Wonderful photos HD!  The food picture has me hungry...looks so delicious!


----------



## Capt Lightning (Jan 7, 2020)

I've got vague memories of Clacton, Walton on the Naze and Southend and its Pier.  
As I recall, there was a railway the length of the pier, but you only paid in one direction. I can't remember whether you paid going to the end, or walking back.

So, here's a pic from my old stomping ground on the south coast - Southsea.    It's an area steeped in naval history. 



Going back to my childhood - the beach at Girvan, W Scotland.


And where I live now..


----------



## hollydolly (Jan 7, 2020)

yes Capt, there's always been a railway at Southend (except when it burned down)... I know Southsea very well  I  lived  very close to there when my daughter was little and we lived in Naval Married quarters.

Girvan beach , along with Saltcoats, Ardrossan  and Largs beaches were where my granny took me for days out when I was a child.. fond memories .

My favourite beaches are at my old home town, on the Isle of Arran...

..and _your_ closest beach now is ideal for quiet and beauty away from the crowds, thanks for the pictures and the memories..


----------



## Marlene (Jan 7, 2020)

I love these pictures.  My dream is to get to England one day before I'm too old to totter around    Pictures like these make it even more exciting to think about.


----------



## Capt Lightning (Jan 7, 2020)

Hollydolly, did you ever have an ice cream from Nardini's?  Back in the day, when I was working in Greenock, I would stay in Largs, but Nardini's was closed at that time.  It wasn't till I moved back north that I went back to Largs and it had reopened.  The harbour and ferry had been updated too.

Another pic from my life in Hampshire..  Across the road from the IBM plant where I worked(?) was the 'Royal Oak' pub at Langstone harbour.
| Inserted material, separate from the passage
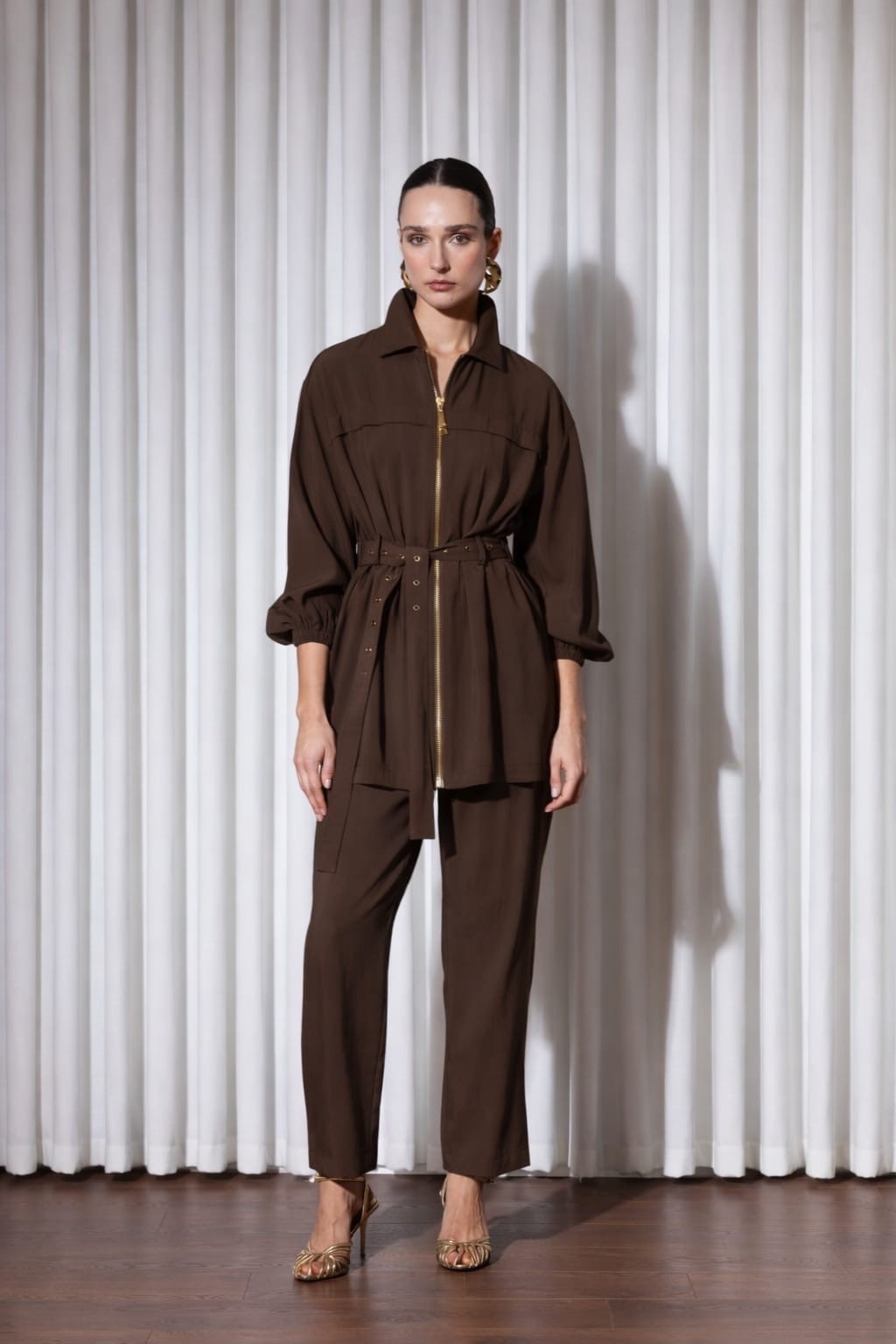 Pantolon Beli Lastikli Önden Fermuarlı İnce Kemerli Cepli Bol Kesimdir

This was one of the most photographed and painted pubs in Hampshire.  We would sometimes go there for a drink on Friday lunchtimes.  Sometimes people would park on the foreshore, and if the tide came in, their cars could get rather wet!


----------



## hollydolly (Jan 7, 2020)

I think I prefer the artist version of it to the real thing..beautiful as it can be...


----------



## hollydolly (Jan 7, 2020)

Oh yes I suspect so,  Nardini's were so well known  Capt, but I'd be lying to say definitely for sure, I was just a child ,a nd ice-cream was ice-cream ... , but I remember it was a big one on the corner .


----------



## hollydolly (Jan 7, 2020)

Another from Southend. The famous stairs leading from the promenade up to the shopping, gardens  and theatre area...


----------



## hollydolly (Jan 7, 2020)

A covered  area at the rear of Ye Olde Smack pub ...   old cosy back door covered  nook, ideal for winter time (which is when I took this pic)  or wet weekends, I think it was initially an area for smokers.. This photos is about 10 years old.. I haven\t been inside the Smack  for years.


----------



## hollydolly (Jan 7, 2020)

Marlene said:


> I love these pictures.  My dream is to get to England one day before I'm too old to totter around    Pictures like these make it even more exciting to think about.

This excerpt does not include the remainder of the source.